◆ **WHAT TO PRODUCE**:
Pictures aside, every line of the listing should be given again exactly.

◆ **DATA**:
····················

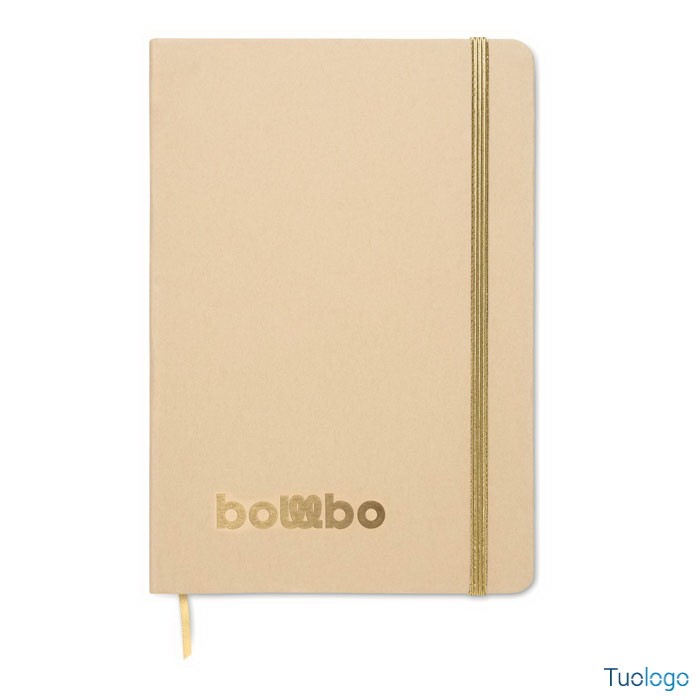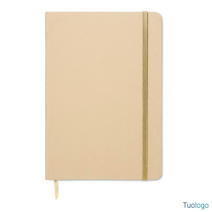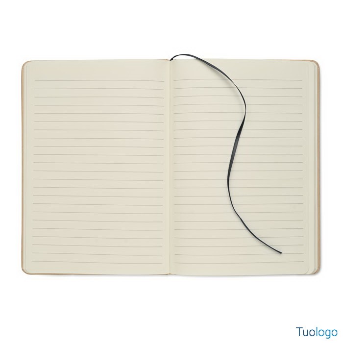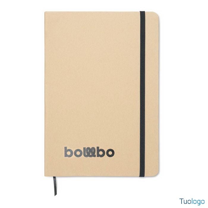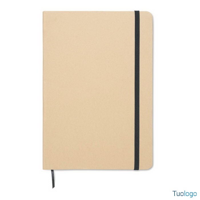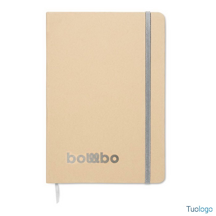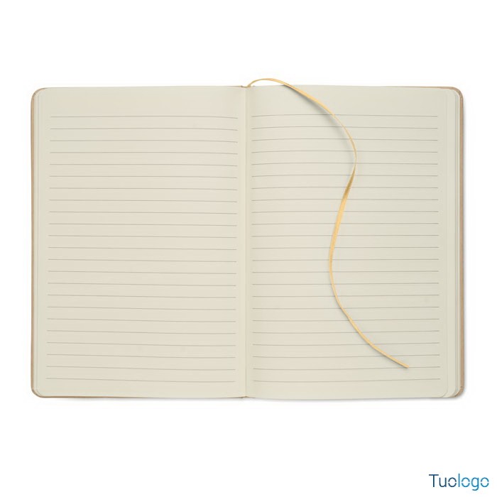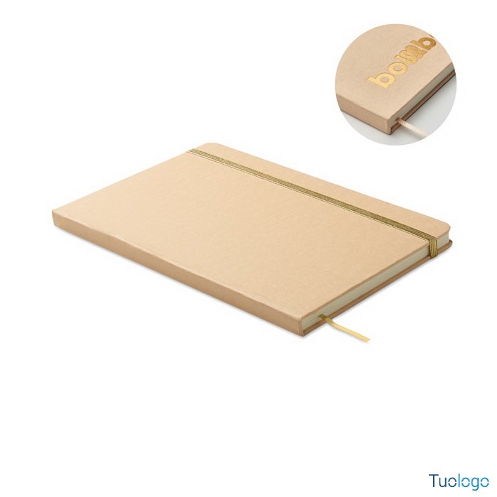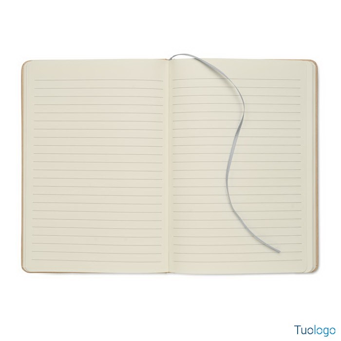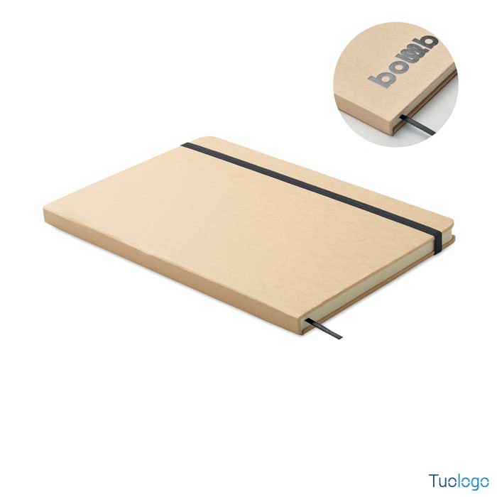 Notebook Cuira. Notebook A5 con copertina rigida in cartone riciclato. segnalibro a nastro in tinta con il colore rivelato. Dopo l'incisione laser il colore viene rivelato.Dimensioni:cm 14.5x1.2x21.
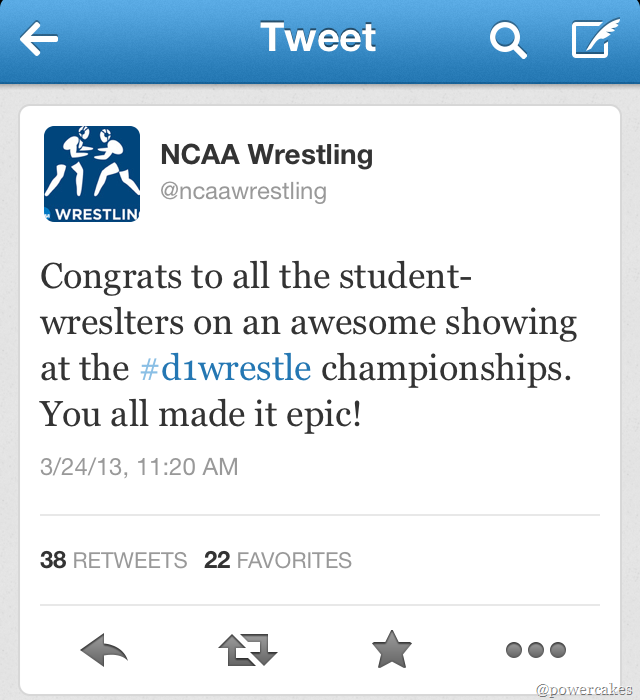 Another thing that moved me was the hash tag #SaveOlympicWrestling. Throughout the NCAA broadcast, there were constant commercials about how the Olympics is trying to cut wrestling, which would delete one of the oldest Olympic sports that premiered in the first modern Olympics in Athens in 1896. Here is a video I found that sums up what I saw this weekend…
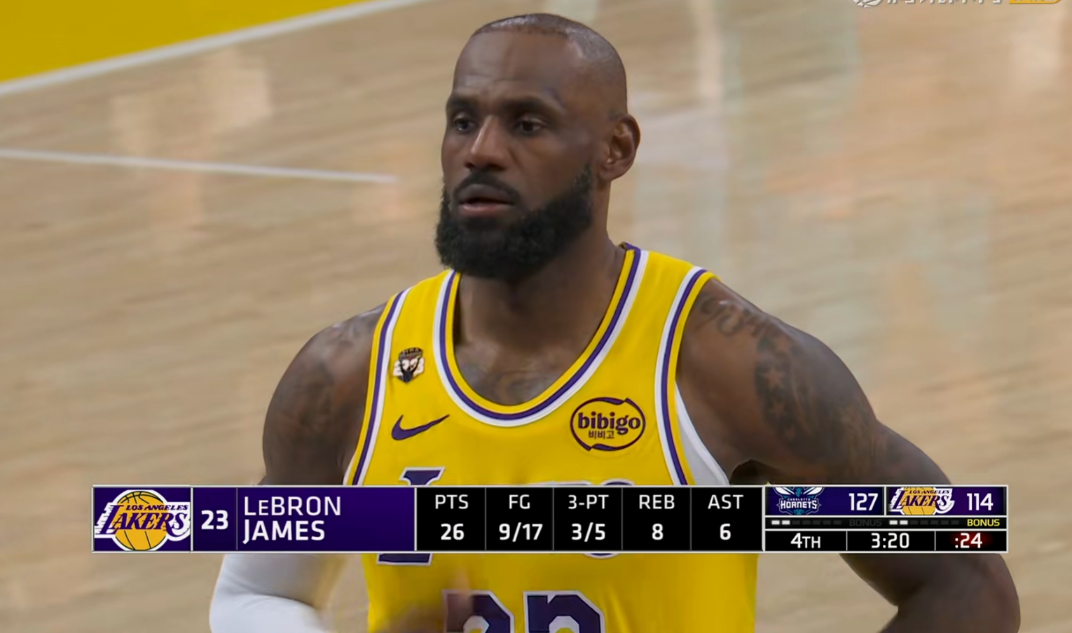 当时湖人被黄蜂打的提前换主力投降,比赛也已经进入到垃圾时间,还剩下两秒的时候,詹姆斯起身看了一眼球场,最后直接返回球员通道了,他当时连衣服都已经穿好了,而此时黄蜂队的球员还在挨个和湖人球员拥抱,甚至连东契奇走之前,都上去和对手击了个掌。而詹姆斯站起来看了队友一眼,二话不说扭头走回球员通道,对于自己队伍的表现是非常不满意的。

····················

◆ **SOLUTION**:
 Notebook Cuira. Notebook A5 con copertina rigida in cartone riciclato. segnalibro a nastro in tinta con il colore rivelato. Dopo l'incisione laser il colore viene rivelato.Dimensioni:cm 14.5x1.2x21.
 Another thing that moved me was the hash tag #SaveOlympicWrestling. Throughout the NCAA broadcast, there were constant commercials about how the Olympics is trying to cut wrestling, which would delete one of the oldest Olympic sports that premiered in the first modern Olympics in Athens in 1896. Here is a video I found that sums up what I saw this weekend…
 当时湖人被黄蜂打的提前换主力投降,比赛也已经进入到垃圾时间,还剩下两秒的时候,詹姆斯起身看了一眼球场,最后直接返回球员通道了,他当时连衣服都已经穿好了,而此时黄蜂队的球员还在挨个和湖人球员拥抱,甚至连东契奇走之前,都上去和对手击了个掌。而詹姆斯站起来看了队友一眼,二话不说扭头走回球员通道,对于自己队伍的表现是非常不满意的。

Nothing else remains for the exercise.